▶ **Task to complete**: Copy out exactly the lines from the one containing "เลือดที่เก็บรวบรวมจะถูกปั่นแยกเพื่อ" to the last line of the records below, both included, and leave out any pictures.

Records from a data source
'''
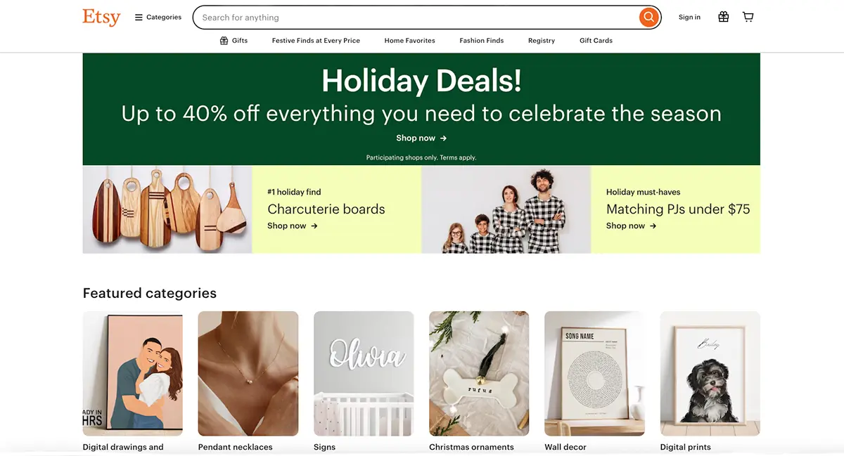 Etsy is ideal for artisans, crafters, and creators focused on selling handmade goods, vintage finds, unique items, or digital downloads who want instant access to a large audience. Its established customer base, supportive community, and marketplace structure make it a good choice for sellers looking for exposure without the complexities of running a fully-hosted store. While it lacks customization and charges fees, Etsy’s reach and focus on creativity make it a great alternative to Gumroad for creators prioritizing visibility and ease of setup.
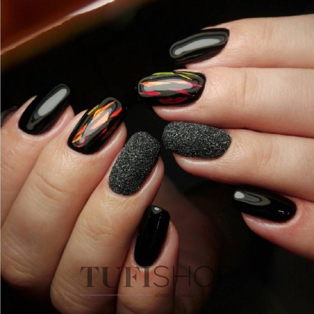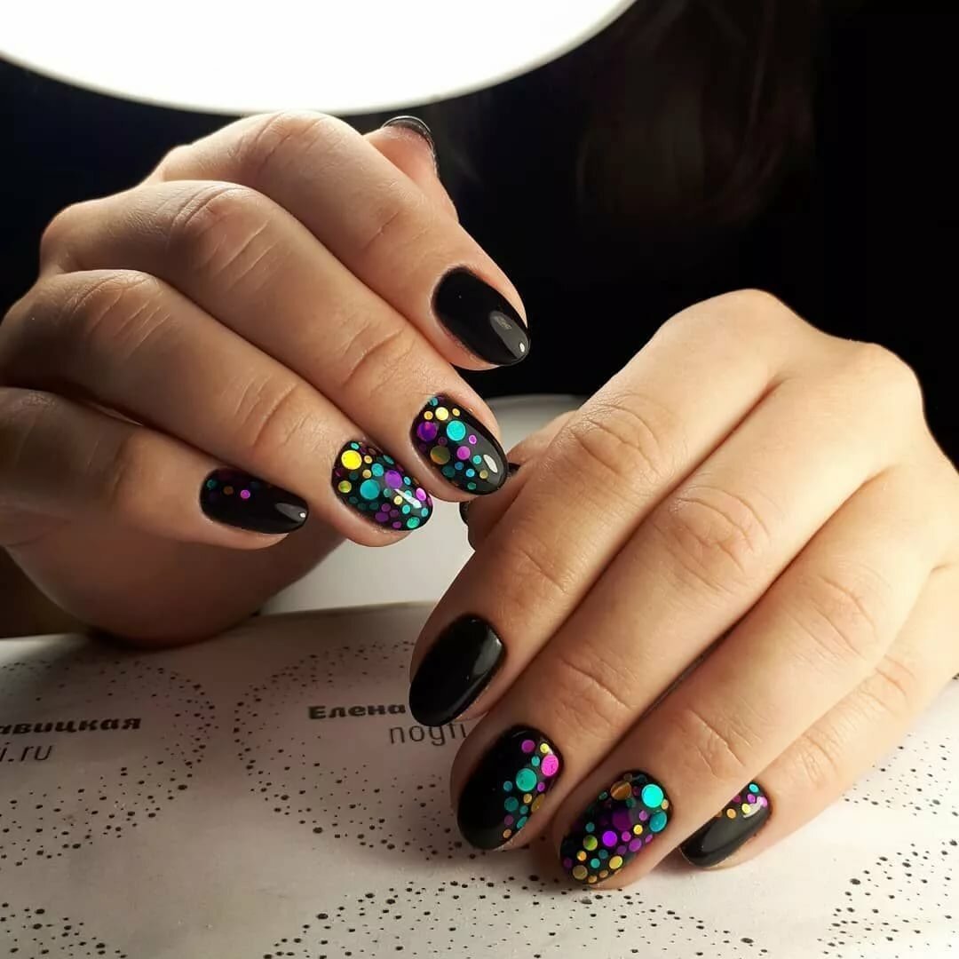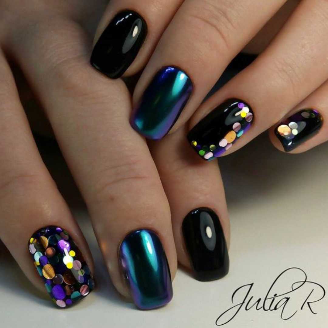 Эти забавные блестки разных размеров и фактур покорили сердца модниц по всему миру. Как только яркий свет попадает на ноготки с камифубуки, они начинает играть яркими красками. Черный маникюр универсален. Для него можно выбрать блестки в самых разных оттенков.
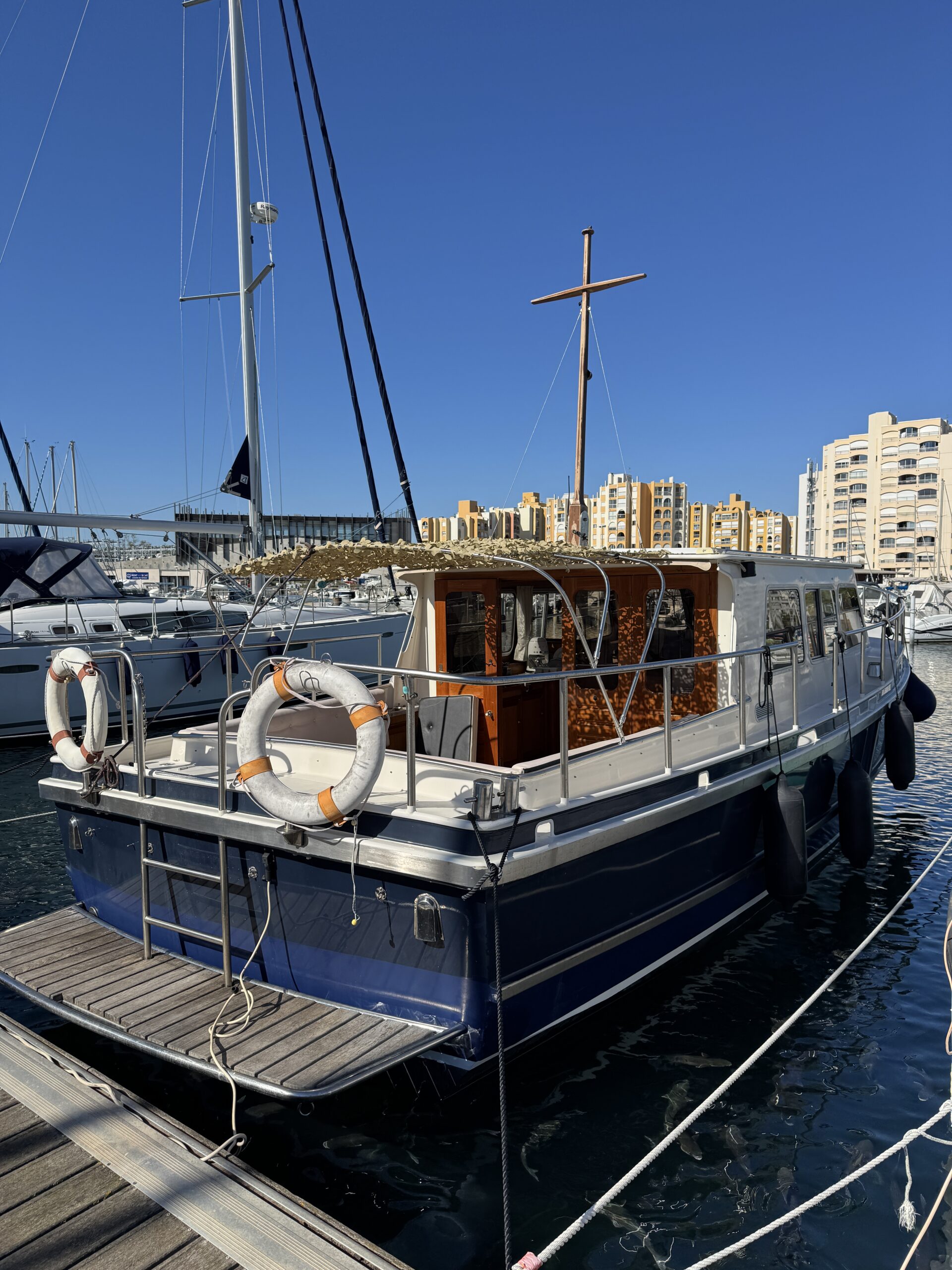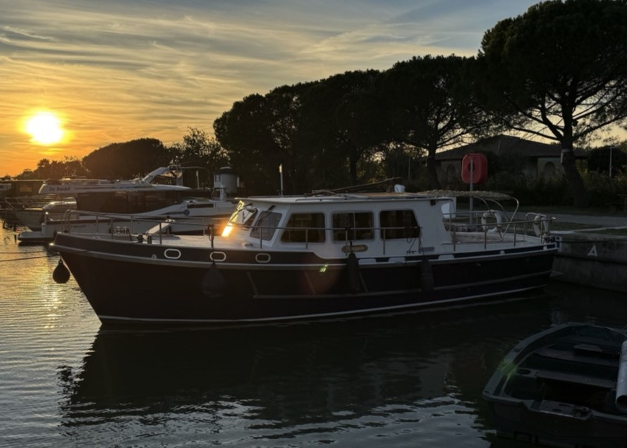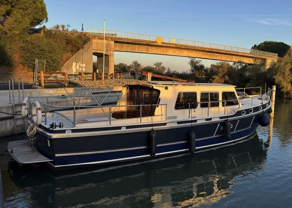 Discover this beautiful Barkas 1100 motor cruiser, measuring 11.30 meters in length and 3.85 meters in width, built in 1997. Designed for mixed cruising, this vessel is well known for its excellent onboard comfort. Its single-level layout, with very few steps, makes moving around easy and creates a pleasant sense of space.
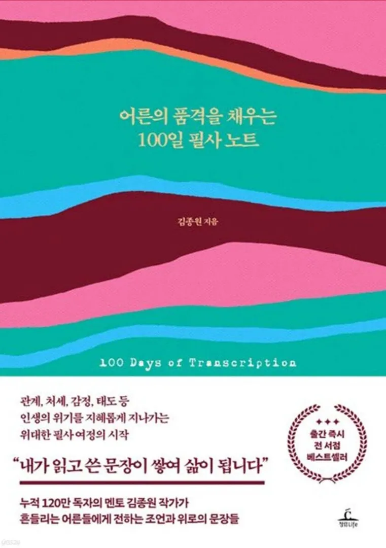 김종원 작가는 130권의 책을 쓰면서 30년을 글을 써왔다고 한다. 무명시절을 거쳐서 그런지 [내가 선택할 수 있는 품격 있는 태도에 관하여]는 우리가 마음이 고단할 때 읽으면 좋은 글들로 이루어져 있어서 정말 마음을 단단하게 해 준다. 그리고 [어른의 품격을 채우는 100일 필사 노트]에는 모두 주옥같은 좋은 문장들로 이루어져 있다. 품격 있는 어른으로 성장시켜 주는 품격 있는 글들로 꾸준히 필사를 하면서 성장할 수 있을 거 같다.
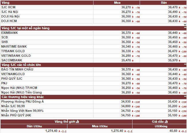 Tại Hà Nội, tập đoàn DOJI niêm yết giá vàng miếng SJC ở mức 36,32 - 36,44 triệu đồng/lượng, giảm 50.000 - 70.000 đồng/lượng. Giá vàng SJC tại Bảo Tín Minh Châu niêm yết ở mức: 36,42 – 36,48 triệu đồng/lượng, tuy giảm so với cùng thời điểm phiên liền trước nhưng nhích lên 10.000đồng/lượng so với chốt phiên hôm qua.
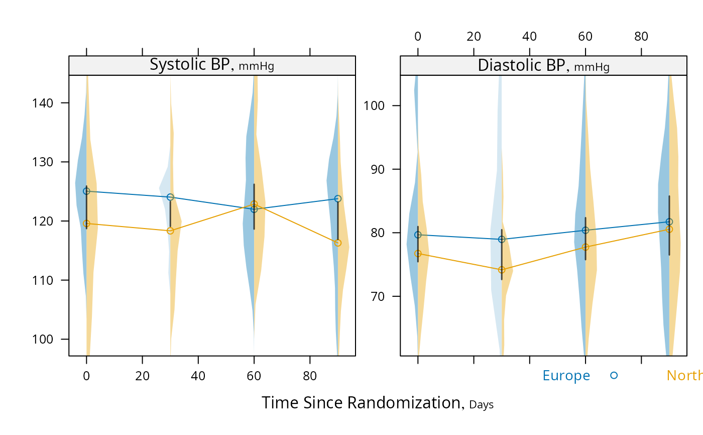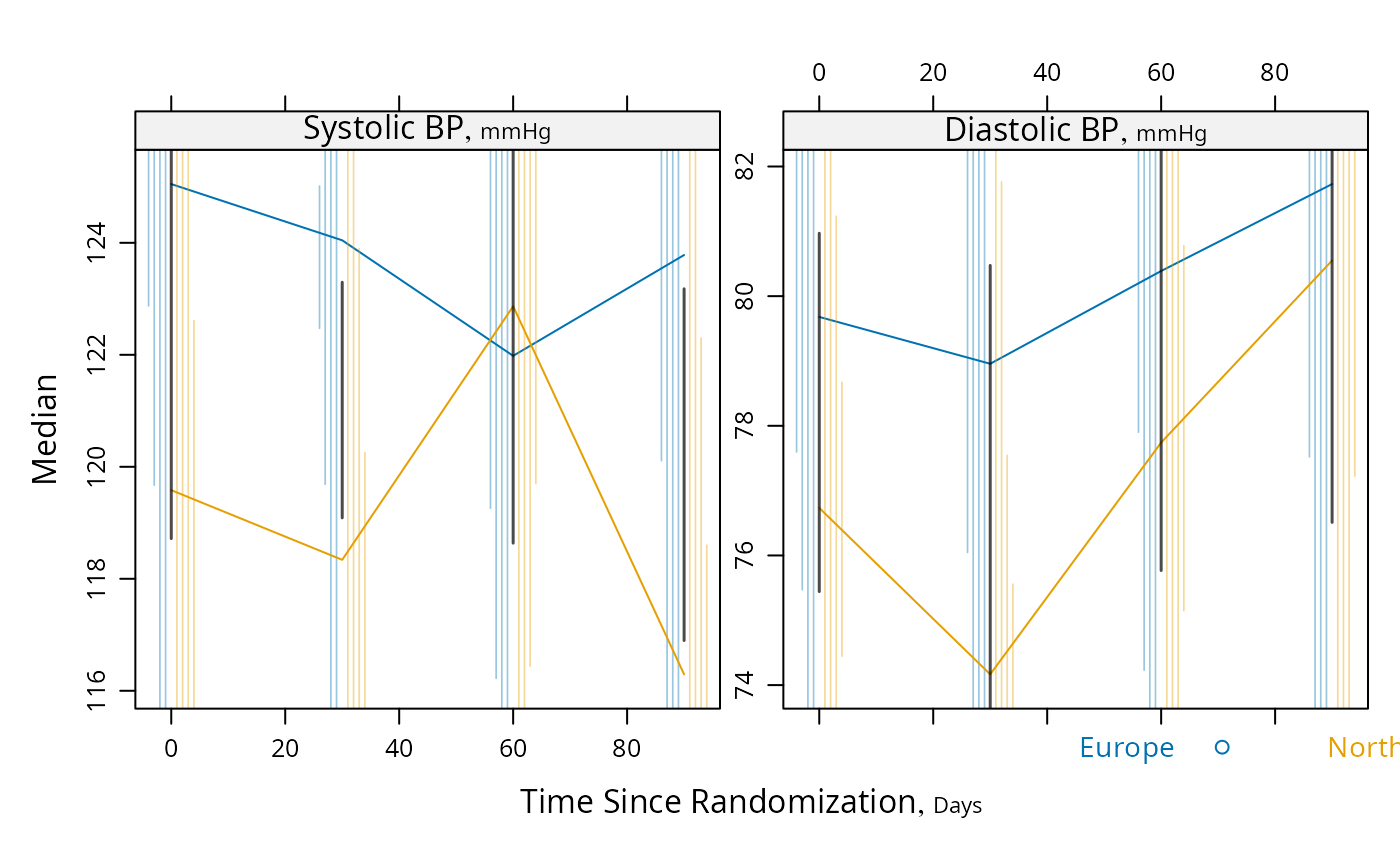 s <- summaryS(sbp + dbp ~ days + region, data=d)
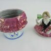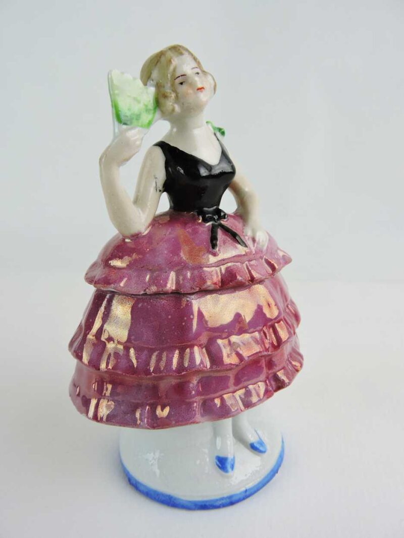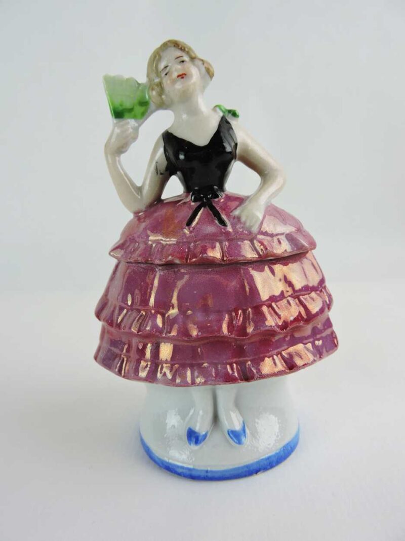 A vintage porcelain powder box that features a woman in blue shoes, a pink ruffled skirt and a black blouse, holding a green fan. The figure is all hand painted. The top half lifts off.  This beautiful lidded jar originally used as a powder box, can be be used for jewelry, vanity accessories or keepsakes.
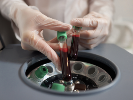 เลือดที่เก็บรวบรวมจะถูกปั่นแยกเพื่อ
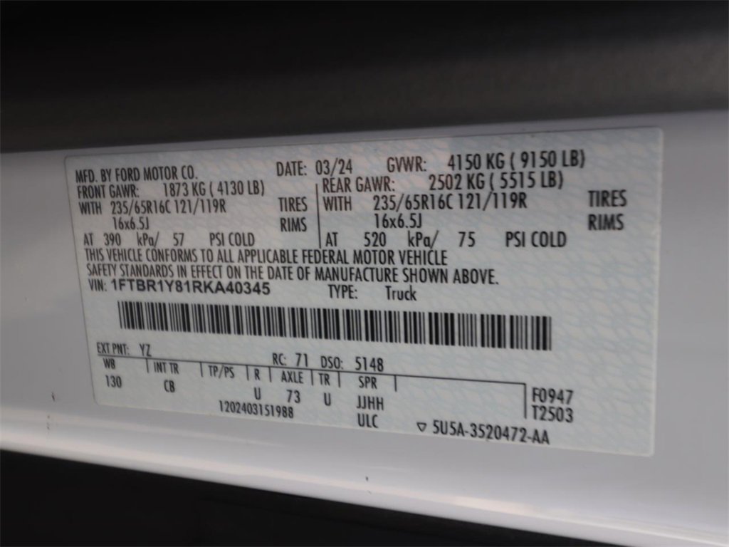 Oxford White 2024 Ford Transit-250 Base RWD 10-Speed Automatic with Overdrive 3.5L V6 Flex Fuel
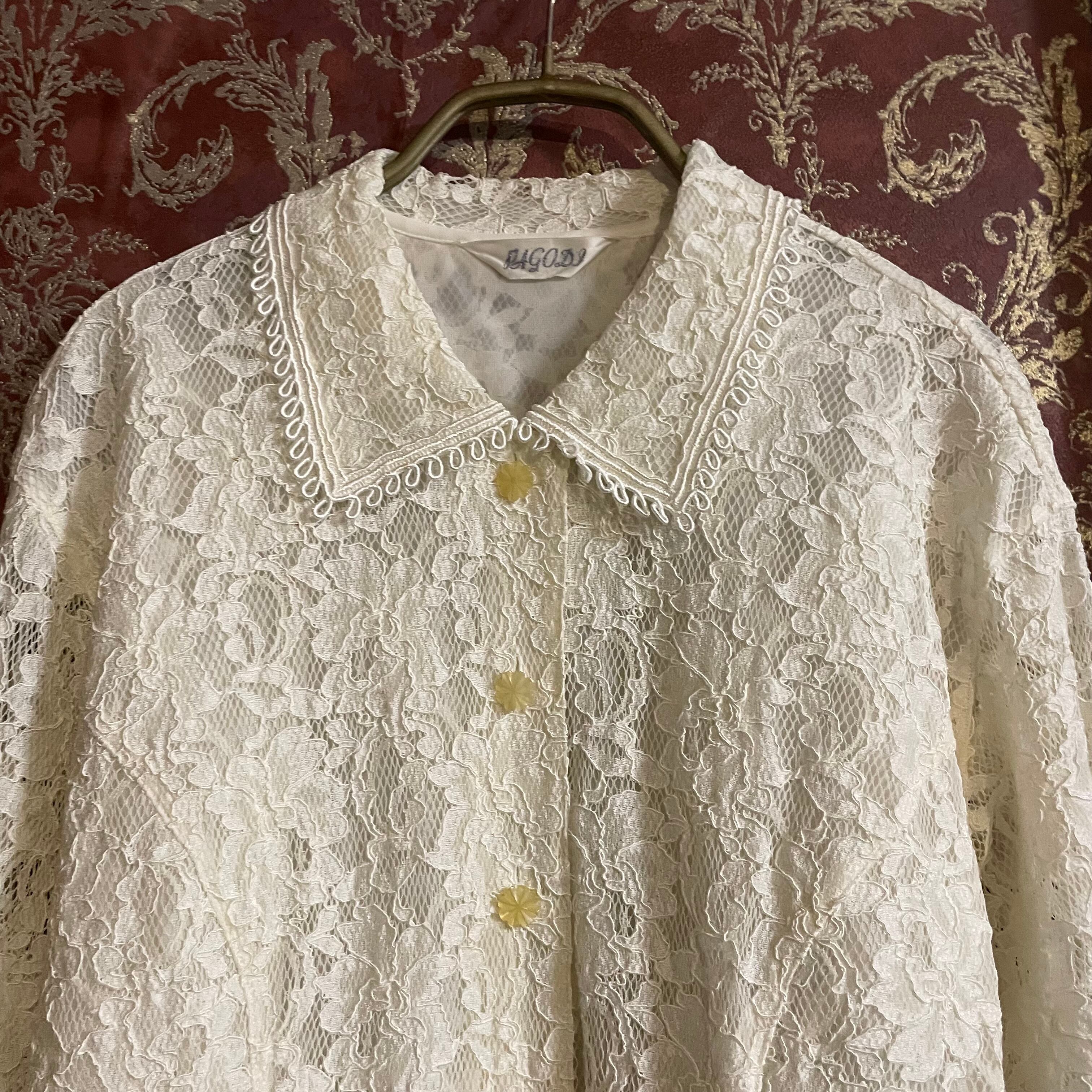 繊細なレースが全体にあしらわれた、やさしい雰囲気のブラウスです。
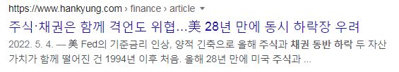"미국 중앙은행(Fed)는 기준금리를 대폭 인상하고 대차대조표 축소(양적 긴축)에도 속도를 낼 예정이다. 미 Fed의 영향으로 투자자들은 주식과 채권을 모두 내다팔고" - 한국경제신문 2022.5.4
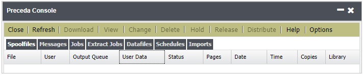 Preceda Console has been designed to manage and work with jobs and spool files on the server. The viewing of spool files is available only if you have Preceda Presenter installed and you have been granted access by your System Administrator.
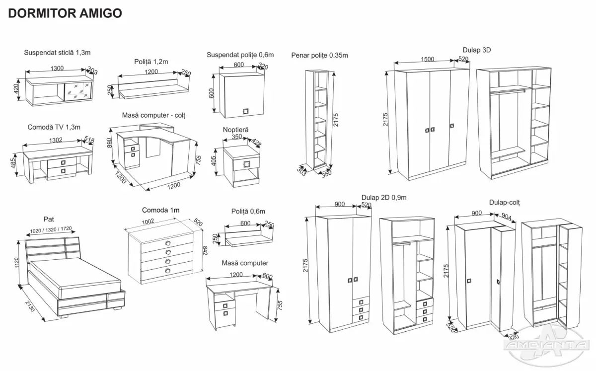 | Tip | 2D 0.9 m, 3D, Colț, Polițe 0.35 m, Poliță 0.6 m, Poliță 1.2 m, Suspendat polițe 0.6 m, Suspendat sticlă 1.3 m |
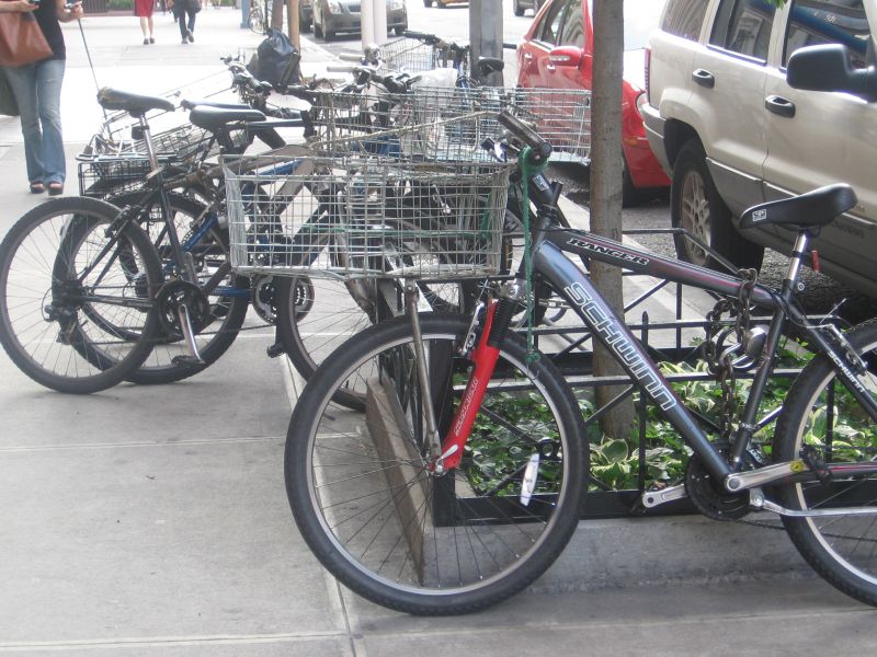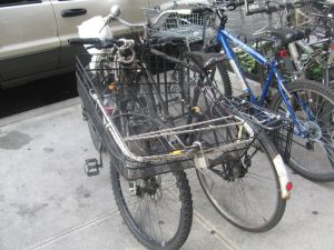 One of the things you’ll notice straight away about many of the bicycles in NYC is that many are cargo bikes, makeshift or not…delivering small loads (food, especially) by bike seems to make the most sense. Bikes fitted with racks and baskets are everywhere…many of the baskets are altered to make them able to carry larger loads.
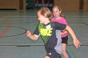 Mit zwei Fangspielen in der Erwärmungsphase, die besonders die Verbesserung des Passens und Fangens bewirken soll, wurde der dritte Tag des Handball-Camps eröffnet.
'''
▶ **Written answer**:
 เลือดที่เก็บรวบรวมจะถูกปั่นแยกเพื่อ
 Oxford White 2024 Ford Transit-250 Base RWD 10-Speed Automatic with Overdrive 3.5L V6 Flex Fuel
 繊細なレースが全体にあしらわれた、やさしい雰囲気のブラウスです。
"미국 중앙은행(Fed)는 기준금리를 대폭 인상하고 대차대조표 축소(양적 긴축)에도 속도를 낼 예정이다. 미 Fed의 영향으로 투자자들은 주식과 채권을 모두 내다팔고" - 한국경제신문 2022.5.4
 Preceda Console has been designed to manage and work with jobs and spool files on the server. The viewing of spool files is available only if you have Preceda Presenter installed and you have been granted access by your System Administrator.
 | Tip | 2D 0.9 m, 3D, Colț, Polițe 0.35 m, Poliță 0.6 m, Poliță 1.2 m, Suspendat polițe 0.6 m, Suspendat sticlă 1.3 m |
 One of the things you’ll notice straight away about many of the bicycles in NYC is that many are cargo bikes, makeshift or not…delivering small loads (food, especially) by bike seems to make the most sense. Bikes fitted with racks and baskets are everywhere…many of the baskets are altered to make them able to carry larger loads.
 Mit zwei Fangspielen in der Erwärmungsphase, die besonders die Verbesserung des Passens und Fangens bewirken soll, wurde der dritte Tag des Handball-Camps eröffnet.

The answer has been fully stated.